Intuitively, subharmonic functions are related to convex functions of one variable as follows. If the graph of a convex function and a line intersect at two points, then the graph of the convex function is below the line between those points. In the same way, if the values of a subharmonic function are no larger than the values of a harmonic function on the boundary of a ball, then the values of the subharmonic function are no larger than the values of the harmonic function also inside the ball.

Superharmonic functions can be defined by the same description, only replacing "no larger" with "no smaller". Alternatively, a superharmonic function is just the negative of a subharmonic function, and for this reason any property of subharmonic functions can be easily transferred to superharmonic functions.

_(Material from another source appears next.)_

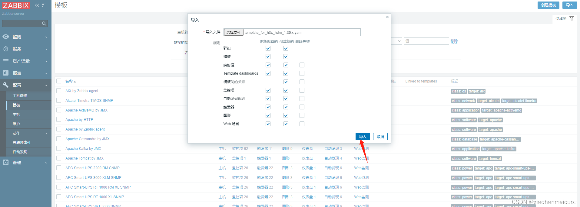 4.导入模板至Zabbix模板库
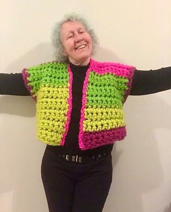 Introducing the The Crazy Big Cropped Vest which is made with a huge 25mm crochet hook and double strands of super bulky yarn and the single crochet stitch. I used Knit Picks Tuff Puff yarn as I just love the vibrant colours available in this yarn. I would love to see lots of your Crazy Big Cropped Vests in different colours once they are done.

Formally, the definition can be stated as follows. Let ${\displaystyle G}$ be a subset of the Euclidean space ${\displaystyle {\mathbb{ℝ}}^n}$ and let $${\displaystyle \phi :G\to \mathbb{ℝ}\cup \{-\mathrm{\infty }\}}$$ be an upper semi-continuous function. Then, ${\displaystyle \phi }$ is called subharmonic if for any closed ball ${\displaystyle \overline{B(x,r)}}$ of center ${\displaystyle x}$ and radius ${\displaystyle r}$ contained in ${\displaystyle G}$ and every real-valued continuous function ${\displaystyle h}$ on ${\displaystyle \overline{B(x,r)}}$ that is harmonic in ${\displaystyle B(x,r)}$ and satisfies ${\displaystyle \phi (y)\le h(y)}$ for all ${\displaystyle y}$ on the boundary ${\displaystyle \partial B(x,r)}$ of ${\displaystyle B(x,r)}$, we have ${\displaystyle \phi (y)\le h(y)}$ for all ${\displaystyle y\in B(x,r).}$

Note that by the above, the function which is identically −∞ is subharmonic, but some authors exclude this function by definition.

A function ${\displaystyle u}$ is called superharmonic if ${\displaystyle -u}$ is subharmonic.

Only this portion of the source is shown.